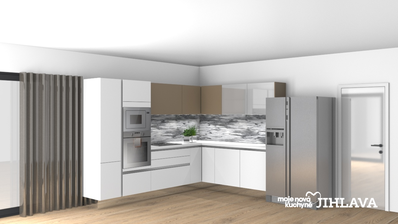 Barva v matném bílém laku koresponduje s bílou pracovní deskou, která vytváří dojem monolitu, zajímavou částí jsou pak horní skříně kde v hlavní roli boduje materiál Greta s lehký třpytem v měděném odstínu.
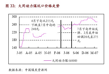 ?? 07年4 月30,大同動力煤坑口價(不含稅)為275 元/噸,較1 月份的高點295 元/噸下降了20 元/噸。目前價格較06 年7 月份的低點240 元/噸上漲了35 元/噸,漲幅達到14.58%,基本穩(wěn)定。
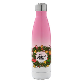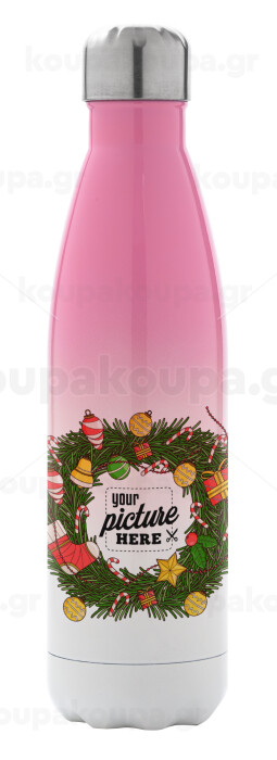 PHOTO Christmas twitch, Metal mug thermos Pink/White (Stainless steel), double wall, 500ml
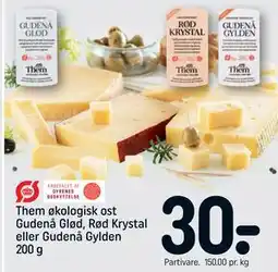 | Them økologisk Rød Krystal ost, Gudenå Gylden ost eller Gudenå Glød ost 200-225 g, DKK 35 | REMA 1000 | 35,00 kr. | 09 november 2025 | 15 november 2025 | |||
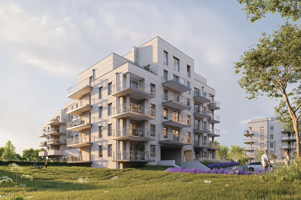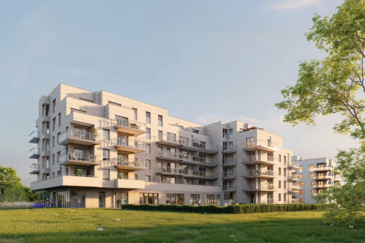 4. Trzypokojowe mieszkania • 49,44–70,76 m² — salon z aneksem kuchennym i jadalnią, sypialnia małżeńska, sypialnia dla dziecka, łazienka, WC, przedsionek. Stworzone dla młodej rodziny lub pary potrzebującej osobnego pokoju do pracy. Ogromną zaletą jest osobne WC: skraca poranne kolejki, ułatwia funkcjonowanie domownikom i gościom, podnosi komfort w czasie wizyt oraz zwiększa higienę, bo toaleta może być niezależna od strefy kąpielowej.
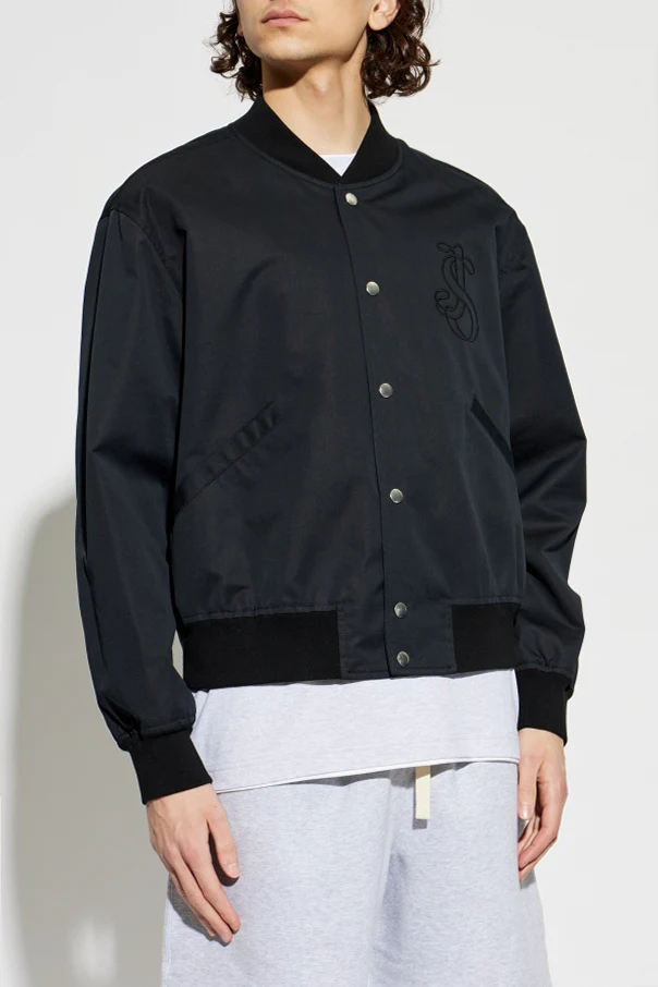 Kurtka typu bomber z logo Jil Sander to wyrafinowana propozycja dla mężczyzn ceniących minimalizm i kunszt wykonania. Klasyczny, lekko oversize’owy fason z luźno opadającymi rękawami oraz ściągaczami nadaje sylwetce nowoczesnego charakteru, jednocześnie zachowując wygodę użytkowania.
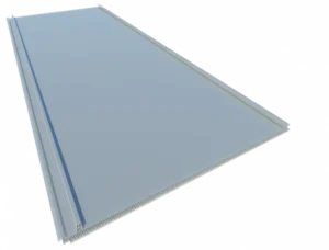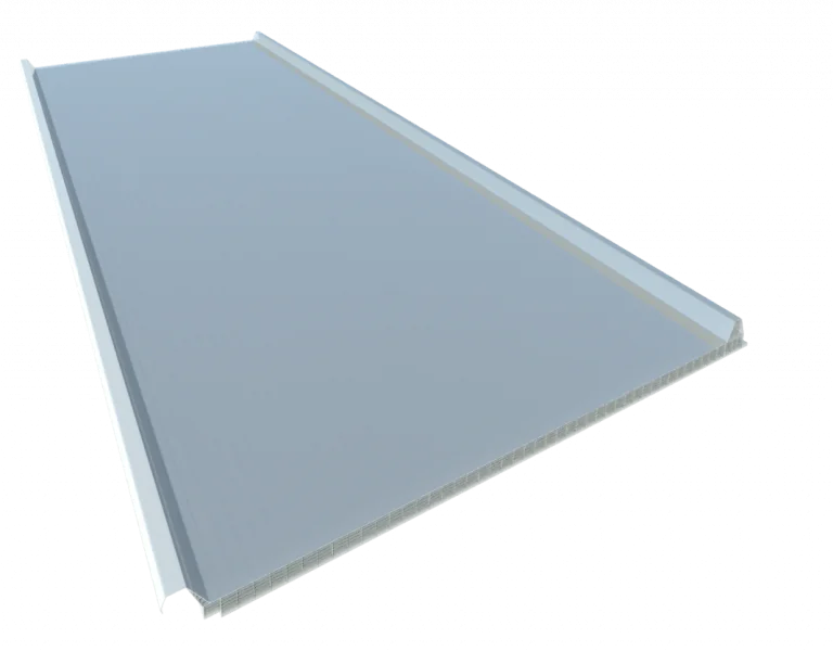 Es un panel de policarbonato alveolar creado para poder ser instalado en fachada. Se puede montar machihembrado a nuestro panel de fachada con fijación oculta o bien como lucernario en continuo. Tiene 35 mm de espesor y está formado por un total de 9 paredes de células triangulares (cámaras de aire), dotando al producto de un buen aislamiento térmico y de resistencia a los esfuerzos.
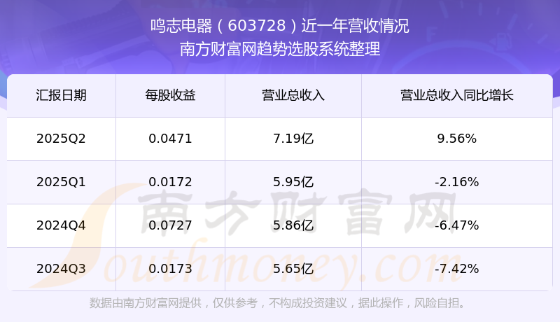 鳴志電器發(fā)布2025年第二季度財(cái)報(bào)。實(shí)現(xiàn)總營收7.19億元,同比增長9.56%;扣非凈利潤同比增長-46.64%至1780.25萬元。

----------------------------------------

Exercise description »
Reproduce the lines above exactly, please, but not the pictures in them.

Result for this task »
 Barva v matném bílém laku koresponduje s bílou pracovní deskou, která vytváří dojem monolitu, zajímavou částí jsou pak horní skříně kde v hlavní roli boduje materiál Greta s lehký třpytem v měděném odstínu.
 ?? 07年4 月30,大同動力煤坑口價(不含稅)為275 元/噸,較1 月份的高點295 元/噸下降了20 元/噸。目前價格較06 年7 月份的低點240 元/噸上漲了35 元/噸,漲幅達到14.58%,基本穩(wěn)定。
 PHOTO Christmas twitch, Metal mug thermos Pink/White (Stainless steel), double wall, 500ml
 | Them økologisk Rød Krystal ost, Gudenå Gylden ost eller Gudenå Glød ost 200-225 g, DKK 35 | REMA 1000 | 35,00 kr. | 09 november 2025 | 15 november 2025 | |||
 4. Trzypokojowe mieszkania • 49,44–70,76 m² — salon z aneksem kuchennym i jadalnią, sypialnia małżeńska, sypialnia dla dziecka, łazienka, WC, przedsionek. Stworzone dla młodej rodziny lub pary potrzebującej osobnego pokoju do pracy. Ogromną zaletą jest osobne WC: skraca poranne kolejki, ułatwia funkcjonowanie domownikom i gościom, podnosi komfort w czasie wizyt oraz zwiększa higienę, bo toaleta może być niezależna od strefy kąpielowej.
 Kurtka typu bomber z logo Jil Sander to wyrafinowana propozycja dla mężczyzn ceniących minimalizm i kunszt wykonania. Klasyczny, lekko oversize’owy fason z luźno opadającymi rękawami oraz ściągaczami nadaje sylwetce nowoczesnego charakteru, jednocześnie zachowując wygodę użytkowania.
 Es un panel de policarbonato alveolar creado para poder ser instalado en fachada. Se puede montar machihembrado a nuestro panel de fachada con fijación oculta o bien como lucernario en continuo. Tiene 35 mm de espesor y está formado por un total de 9 paredes de células triangulares (cámaras de aire), dotando al producto de un buen aislamiento térmico y de resistencia a los esfuerzos.
 鳴志電器發(fā)布2025年第二季度財(cái)報(bào)。實(shí)現(xiàn)總營收7.19億元,同比增長9.56%;扣非凈利潤同比增長-46.64%至1780.25萬元。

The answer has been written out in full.